» **Material shown**:
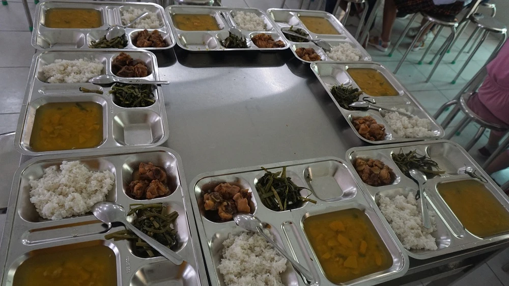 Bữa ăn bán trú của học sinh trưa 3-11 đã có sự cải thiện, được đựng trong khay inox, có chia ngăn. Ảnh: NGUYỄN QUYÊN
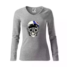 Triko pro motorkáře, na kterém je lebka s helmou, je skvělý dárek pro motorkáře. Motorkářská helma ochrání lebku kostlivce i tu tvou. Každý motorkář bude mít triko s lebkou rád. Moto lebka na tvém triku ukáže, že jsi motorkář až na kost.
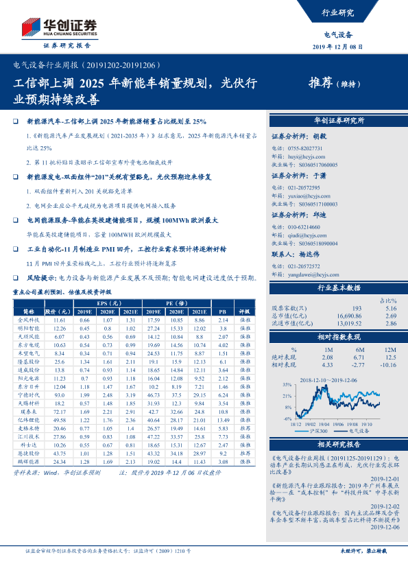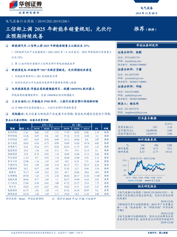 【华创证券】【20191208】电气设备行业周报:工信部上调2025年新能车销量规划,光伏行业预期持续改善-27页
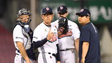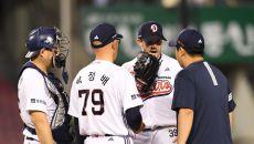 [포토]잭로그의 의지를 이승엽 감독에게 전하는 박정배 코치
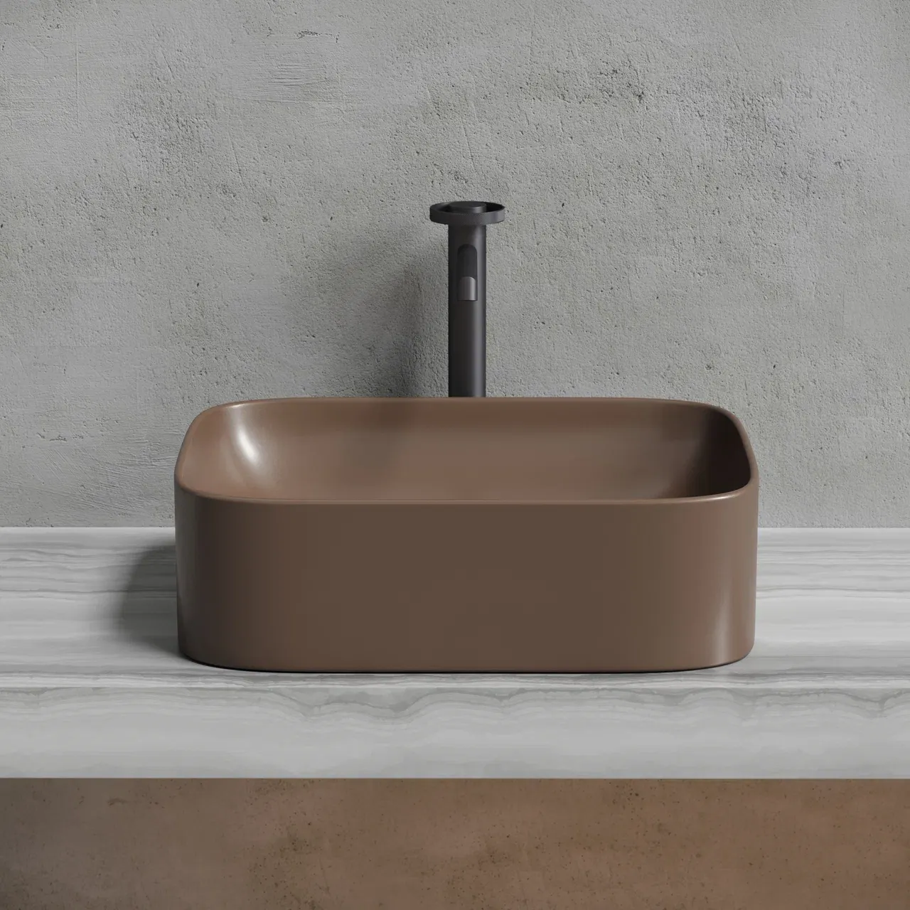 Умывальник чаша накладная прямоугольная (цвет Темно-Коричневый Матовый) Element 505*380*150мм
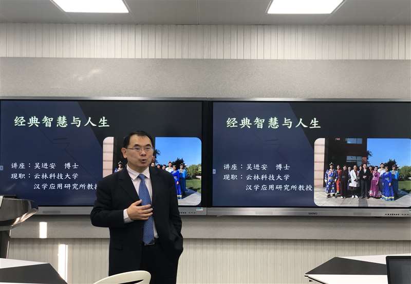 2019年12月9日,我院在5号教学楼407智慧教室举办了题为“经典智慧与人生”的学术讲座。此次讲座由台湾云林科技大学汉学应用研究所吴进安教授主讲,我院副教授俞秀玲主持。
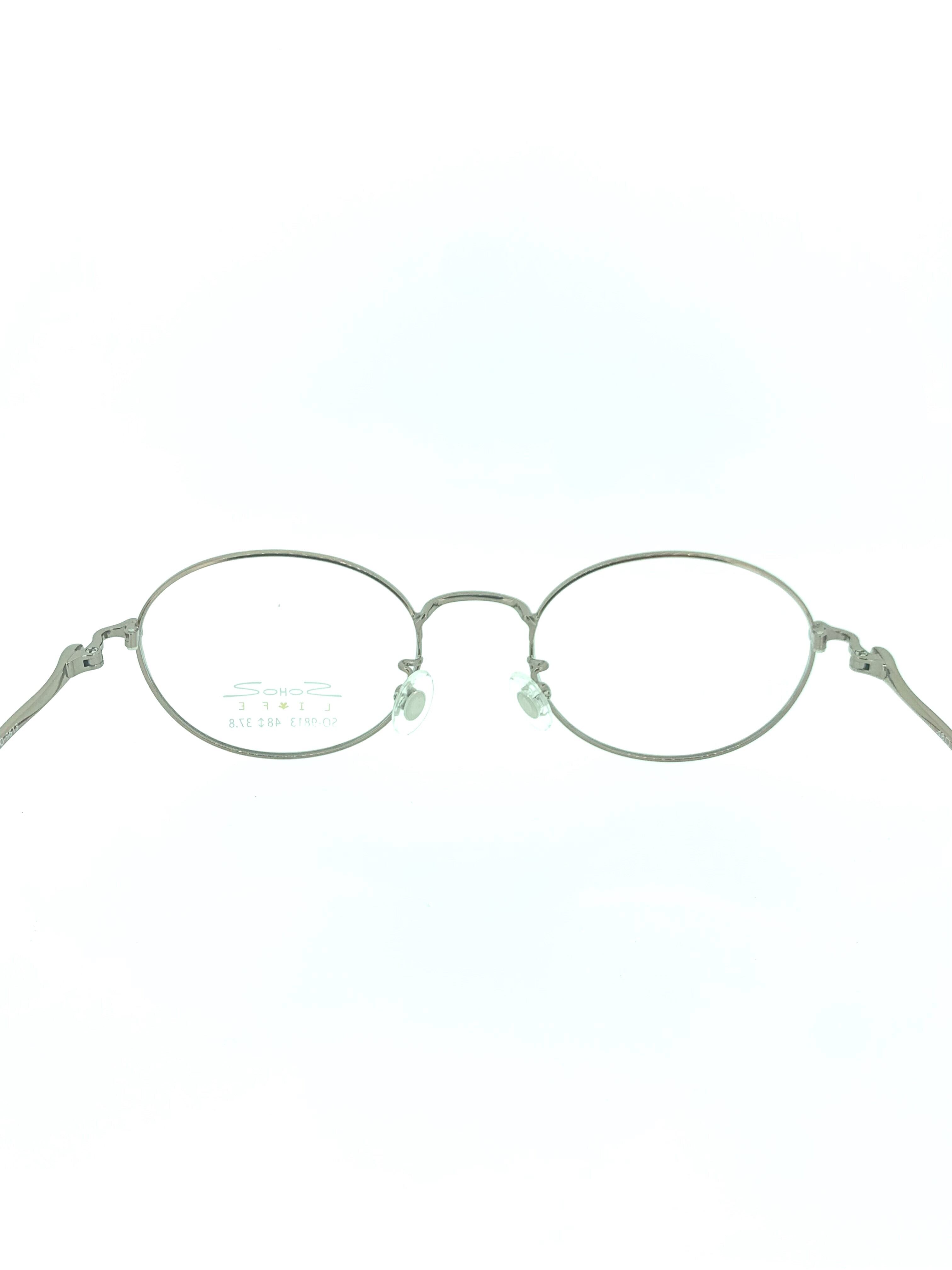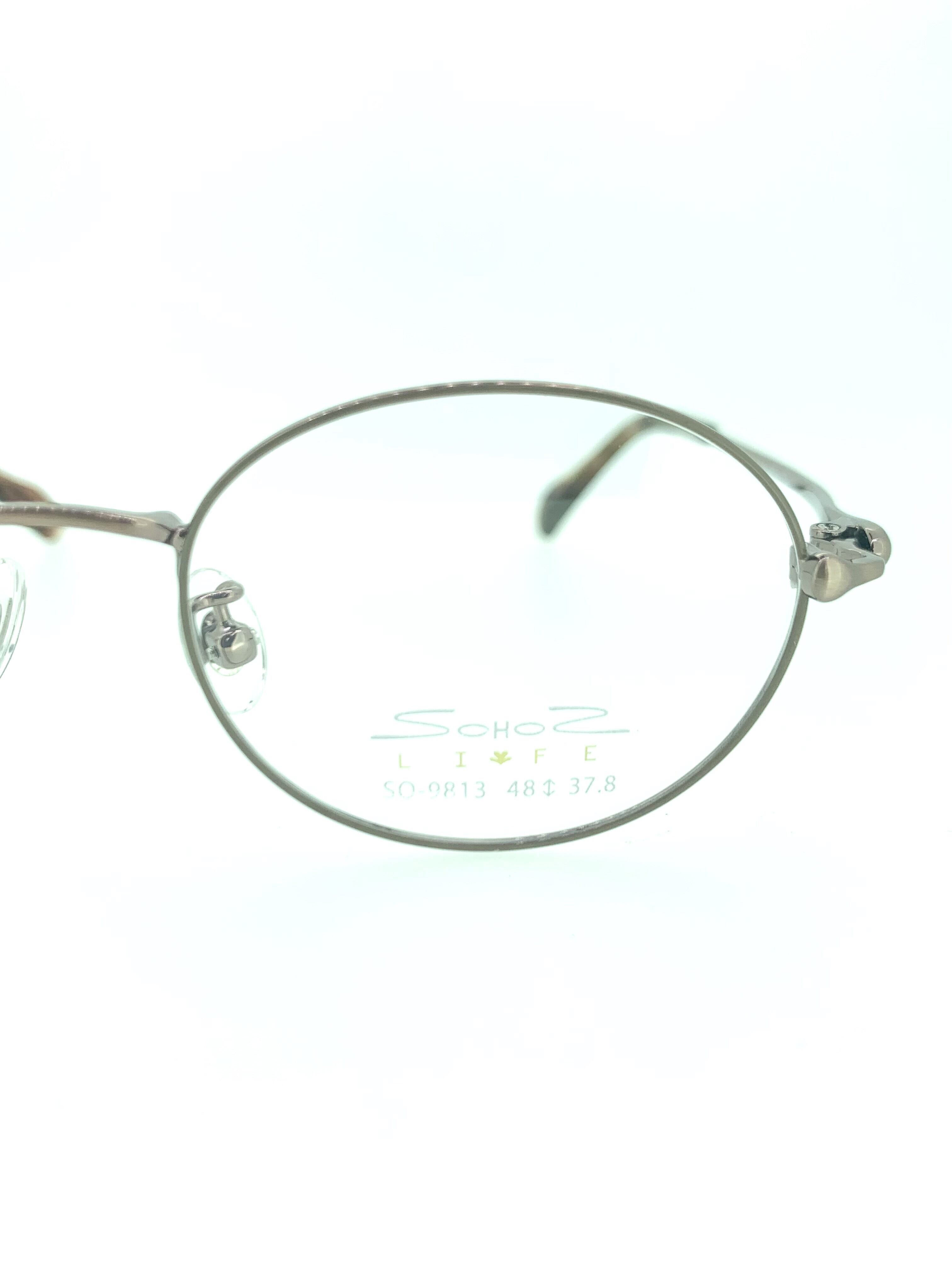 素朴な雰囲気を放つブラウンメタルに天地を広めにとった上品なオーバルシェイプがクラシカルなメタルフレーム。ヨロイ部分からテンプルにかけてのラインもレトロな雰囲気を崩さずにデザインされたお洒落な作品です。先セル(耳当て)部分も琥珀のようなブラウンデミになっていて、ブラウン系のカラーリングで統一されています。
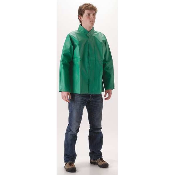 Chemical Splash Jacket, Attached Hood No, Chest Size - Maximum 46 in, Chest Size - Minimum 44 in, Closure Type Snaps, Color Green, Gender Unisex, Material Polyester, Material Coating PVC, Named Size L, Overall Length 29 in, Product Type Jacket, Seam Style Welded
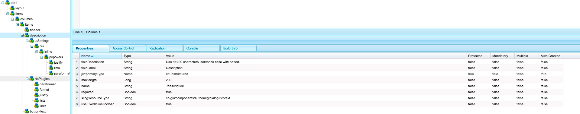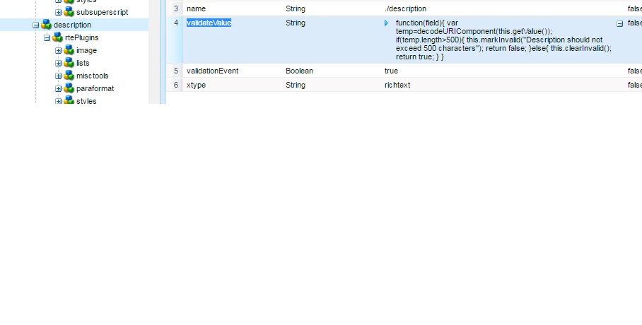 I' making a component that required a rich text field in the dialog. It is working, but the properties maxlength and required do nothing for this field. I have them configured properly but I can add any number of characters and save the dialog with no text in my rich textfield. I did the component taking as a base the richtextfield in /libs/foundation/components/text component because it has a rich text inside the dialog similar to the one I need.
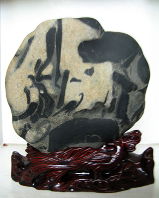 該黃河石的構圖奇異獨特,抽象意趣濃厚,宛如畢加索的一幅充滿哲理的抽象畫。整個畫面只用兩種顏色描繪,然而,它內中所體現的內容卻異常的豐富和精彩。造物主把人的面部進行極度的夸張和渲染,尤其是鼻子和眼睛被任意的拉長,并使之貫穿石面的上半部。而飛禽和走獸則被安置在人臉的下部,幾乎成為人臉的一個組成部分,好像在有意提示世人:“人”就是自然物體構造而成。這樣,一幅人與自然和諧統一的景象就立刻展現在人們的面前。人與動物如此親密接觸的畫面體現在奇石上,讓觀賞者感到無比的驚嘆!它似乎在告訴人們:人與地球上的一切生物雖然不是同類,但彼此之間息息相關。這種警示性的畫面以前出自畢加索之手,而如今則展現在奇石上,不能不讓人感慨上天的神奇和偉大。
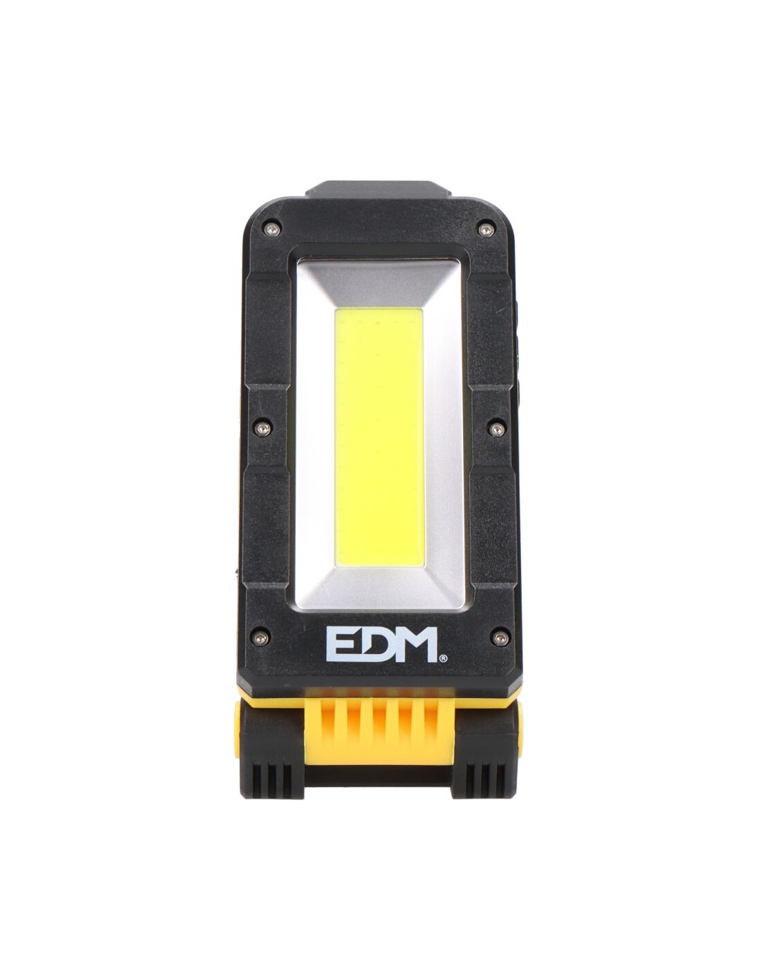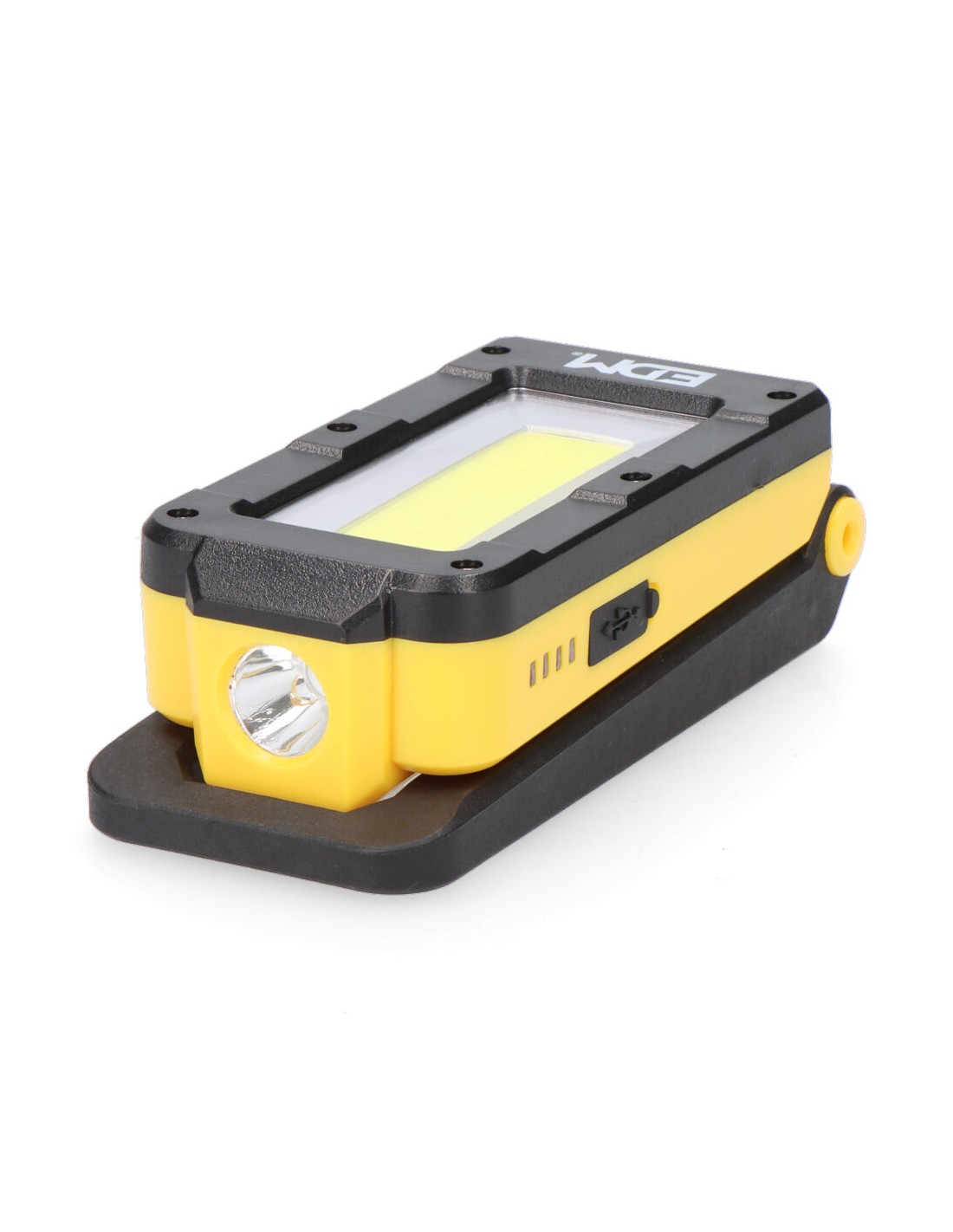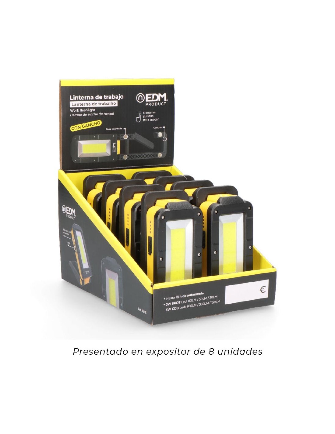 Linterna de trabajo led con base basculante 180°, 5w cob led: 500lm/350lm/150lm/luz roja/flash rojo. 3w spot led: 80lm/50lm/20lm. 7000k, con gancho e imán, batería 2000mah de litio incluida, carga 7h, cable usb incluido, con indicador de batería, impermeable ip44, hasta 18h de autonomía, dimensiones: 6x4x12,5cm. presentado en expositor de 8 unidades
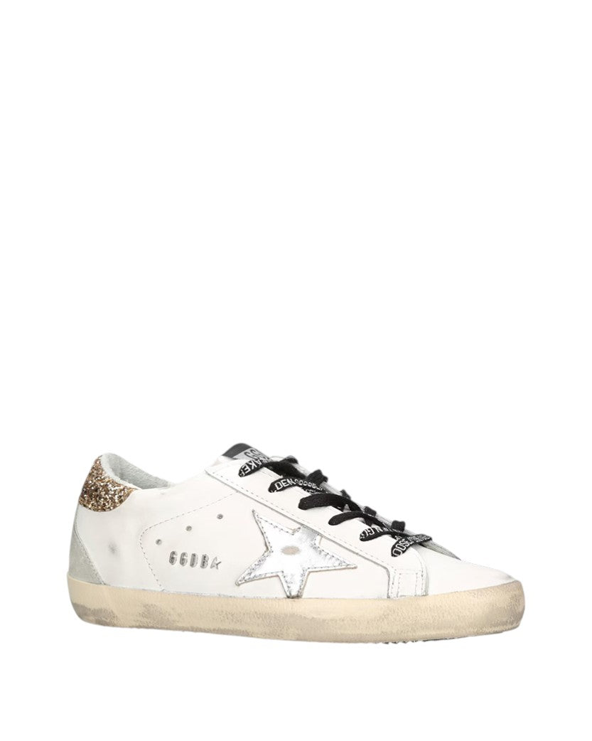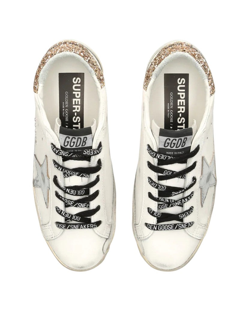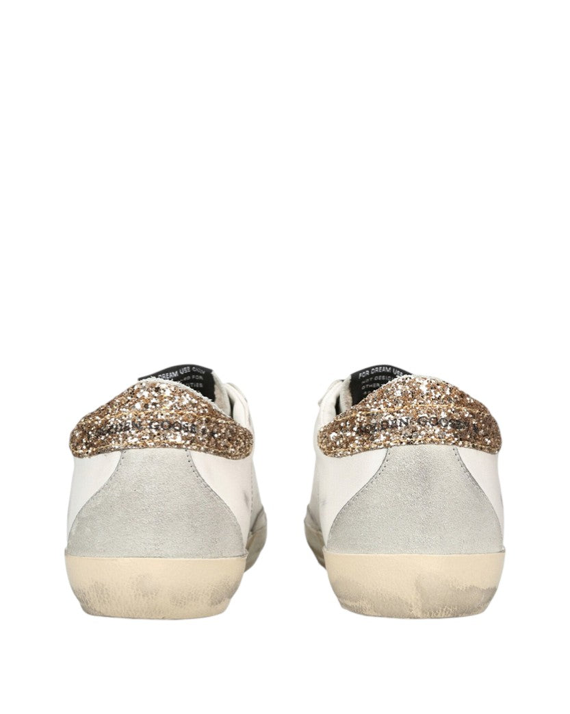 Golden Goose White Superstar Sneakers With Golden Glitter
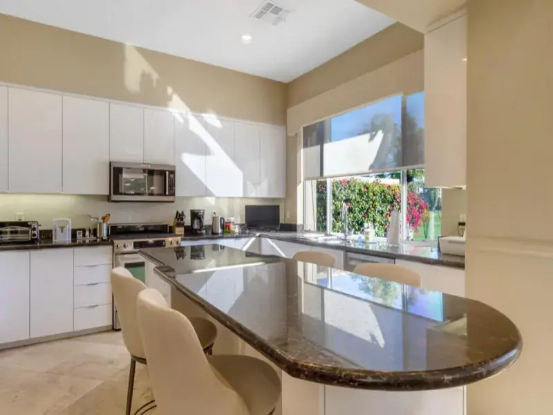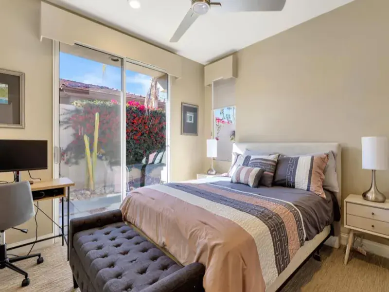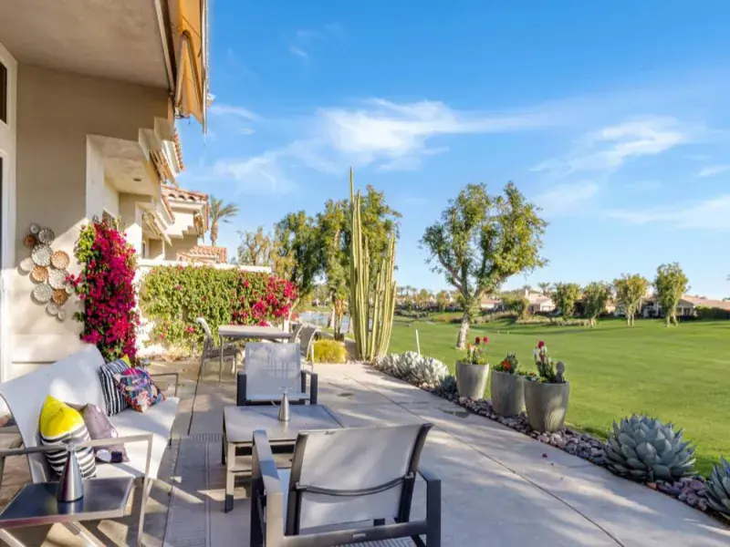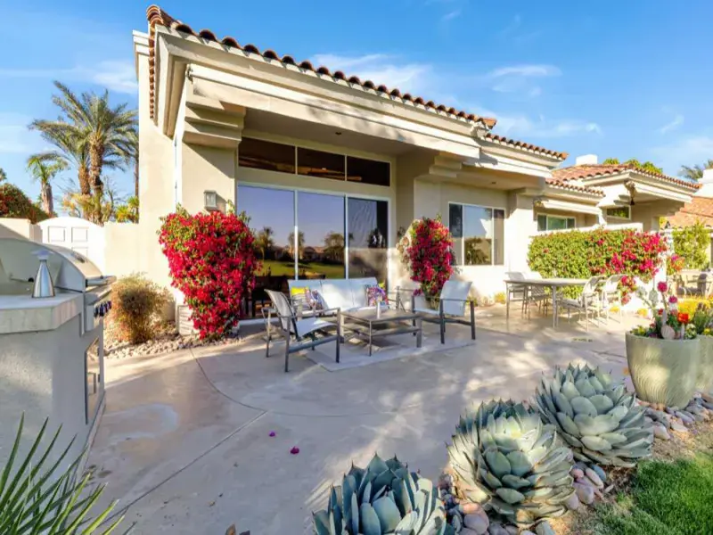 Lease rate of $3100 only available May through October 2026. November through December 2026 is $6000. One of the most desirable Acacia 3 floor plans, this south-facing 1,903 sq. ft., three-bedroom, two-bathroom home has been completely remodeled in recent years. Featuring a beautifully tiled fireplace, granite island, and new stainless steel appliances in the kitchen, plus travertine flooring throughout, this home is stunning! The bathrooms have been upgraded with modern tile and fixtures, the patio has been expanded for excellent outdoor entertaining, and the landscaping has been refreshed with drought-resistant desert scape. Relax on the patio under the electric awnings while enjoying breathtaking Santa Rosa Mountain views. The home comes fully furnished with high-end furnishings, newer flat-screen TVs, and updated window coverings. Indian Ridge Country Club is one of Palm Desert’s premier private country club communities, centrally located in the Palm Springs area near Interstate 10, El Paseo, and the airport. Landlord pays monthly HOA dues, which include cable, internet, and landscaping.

» **Work item**: Omitting all pictures, restate exactly the lines of the material from its start through the line that contains "素朴な雰囲気を放つブラウンメ".

» **Answer below**:
 Bữa ăn bán trú của học sinh trưa 3-11 đã có sự cải thiện, được đựng trong khay inox, có chia ngăn. Ảnh: NGUYỄN QUYÊN
 Triko pro motorkáře, na kterém je lebka s helmou, je skvělý dárek pro motorkáře. Motorkářská helma ochrání lebku kostlivce i tu tvou. Každý motorkář bude mít triko s lebkou rád. Moto lebka na tvém triku ukáže, že jsi motorkář až na kost.
 【华创证券】【20191208】电气设备行业周报:工信部上调2025年新能车销量规划,光伏行业预期持续改善-27页
 [포토]잭로그의 의지를 이승엽 감독에게 전하는 박정배 코치
 Умывальник чаша накладная прямоугольная (цвет Темно-Коричневый Матовый) Element 505*380*150мм
 2019年12月9日,我院在5号教学楼407智慧教室举办了题为“经典智慧与人生”的学术讲座。此次讲座由台湾云林科技大学汉学应用研究所吴进安教授主讲,我院副教授俞秀玲主持。
 素朴な雰囲気を放つブラウンメタルに天地を広めにとった上品なオーバルシェイプがクラシカルなメタルフレーム。ヨロイ部分からテンプルにかけてのラインもレトロな雰囲気を崩さずにデザインされたお洒落な作品です。先セル(耳当て)部分も琥珀のようなブラウンデミになっていて、ブラウン系のカラーリングで統一されています。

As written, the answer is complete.